Violencia destilada en La Villarroel

Laia Marull y Pablo Derqui se dejan la piel en ‘La dansa de la venjança’

Laia Marull y Pablo Derqui, en una escena de la obra.
Laia Marull y Pablo Derqui, en una escena de la obra.

Hay algo en el implacable ritmo teatral de La dansa de la venjança, la cuarta obra que el dramaturgo catalán Jordi Casanovas presenta en La Villarroel, que recuerda el lento e implacable ostinato que mueve el Bolero de Maurice Ravel. En la célebre partitura, la obsesiva repetición hace crecer la melodía y el ritmo hasta que estalla en un climax abrumador.
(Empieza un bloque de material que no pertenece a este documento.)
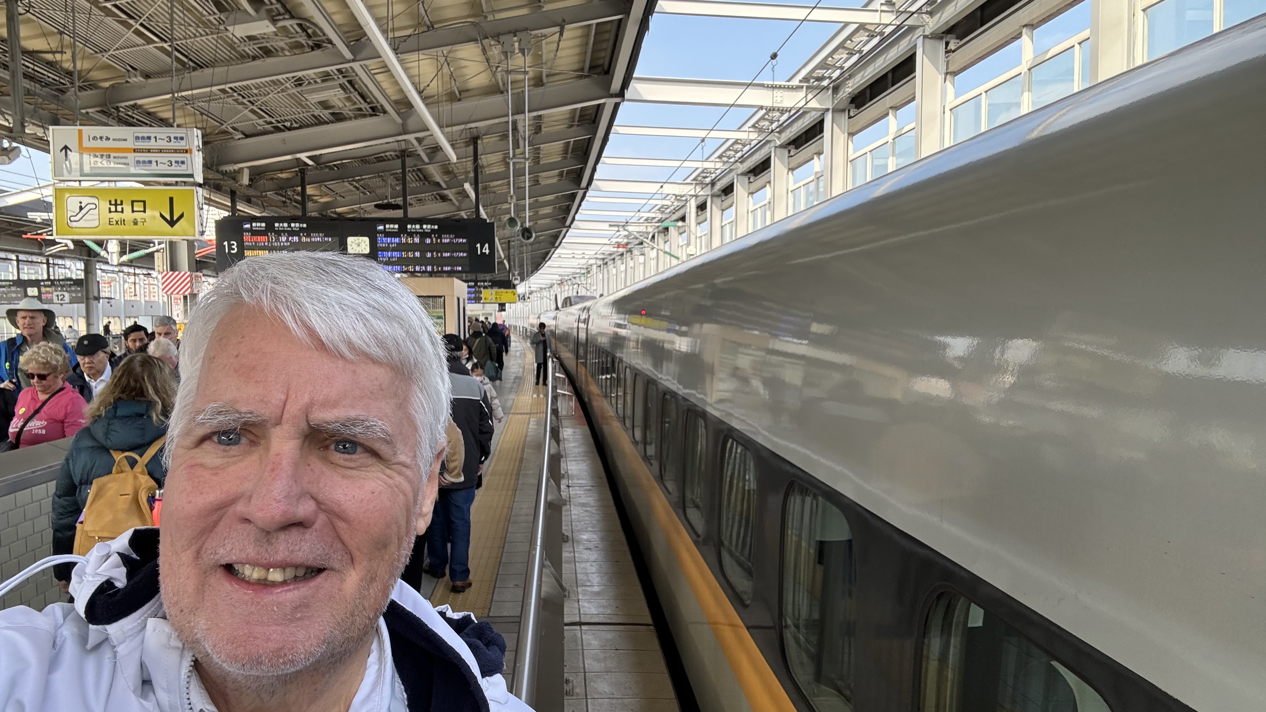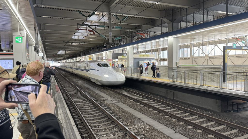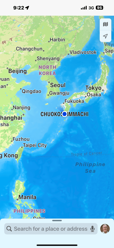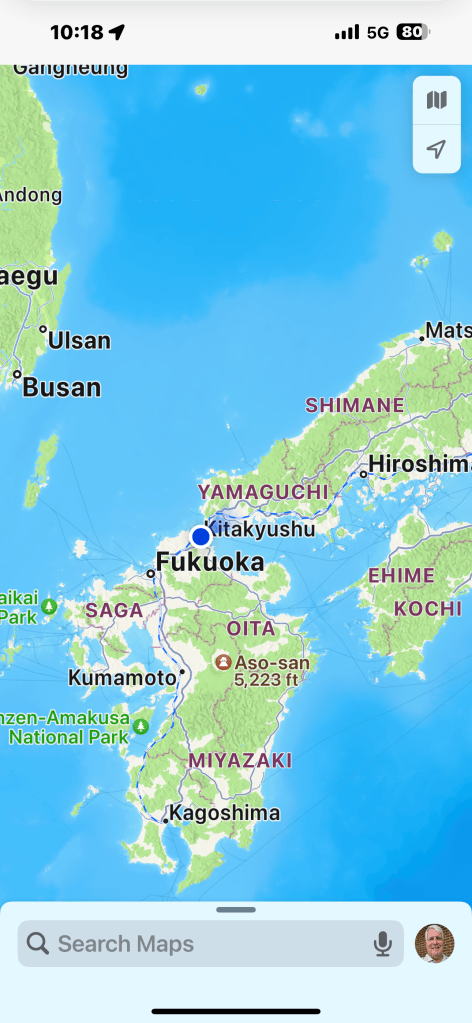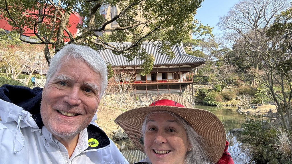 Today another train ride, the infamous Japanese Bullet Train.   We boarded in Fukuoka, Japan where our ship docked. The bullet train runs on rails and we achieved 125 mph and our trip took 25 minutes to Kitakyusha.  Very smooth and fast ride. Nana almost didn’t come because she wanted to watch the Super Bowl. The ship though wasn’t planning on broadcasting the game but at the last minute figured out how to do it. By then Nana had already committed to going with Papa. Papa promised to work on getting it streamed on his iPad which he was able to do. Nana watched the game even on the train and walking around.  She watched the game all the way through the overtime win for the Chiefs.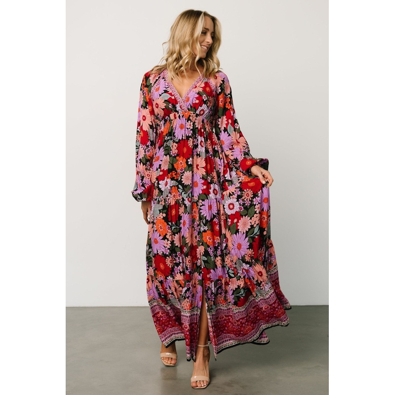 exclusive styleGorgeous black multi colorRayon material with no stretchCrossover V-necklineLong sleeves with elastic cuffsElastic waistband has stretchTiered maxi skirtLeft leg slitPartially linedSelf: 100% RayonLining: 100% Polyester Trina is 5'6, cup siz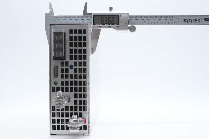 测得开关电源模块厚度约为63.7mm。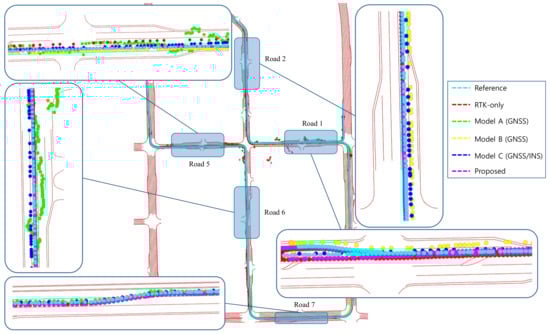 The positioning result of model A is represented by red dots. Model A used less satellites than the other models to position in a situation where the number of satellites in view was not enough. Additionally, model A only output the positioning result at that epoch, because it does not have a dead-reckoning (DR) function. Consequently, model A had a higher positioning error in situations where the number of satellites in view was not enough. Although model B also does not have IMU inside the module, it output a positioning result that reflected the dynamics due to the DR function in situations where the number of satellites in view was not enough. When the previous positioning result was good and the driving state was straight, without INS, which provides accurate directional information, DR showed a relatively low positioning error. On the other hand, when the previous positioning result was bad, DR had a high positioning error, because it is subject to cumulative errors. Model C showed smooth positioning results due to being aided by INS, unlike model A. In dense urban environments, such as scenario 1, because the error of satellite navigation system increases, sometimes the positioning result appears on the other lane. Because the RTK and the proposed system use the correction signals to reduce the positioning error, the positioning error of those is lower than that of other modules using GNSS. However, for road 6, while the RTK result was also far different from the reference, there was no significant difference between the result of the proposed system and the reference.

También Roger y Clàudia, un matrimonio roto que vive su separación marcado por el odio, bailan en este drama, una obsesiva danza de la venganza, entre reproches y traiciones. Un tour de forcedemoledor en el que Laia Marull y Pablo Derqui se dejan la piel.

Lo que en Ravel es melodía de seducción, en la pieza de Casanovas, dirigida en su ritmo interno con precisión coreográfica por Pere Riera, es melodía de rabia y destrucción. Una lucha dialéctica sin tregua ni cuartel en la que los contrincantes utilizan como moneda de cambio y rehén de sus frustraciones a su hijo adolescente, al que nunca vemos y del que solo sabemos lo que ellos nos dejan ver, entre recriminaciones, mentiras, verdades y odio, mucho odio en constante ebullición.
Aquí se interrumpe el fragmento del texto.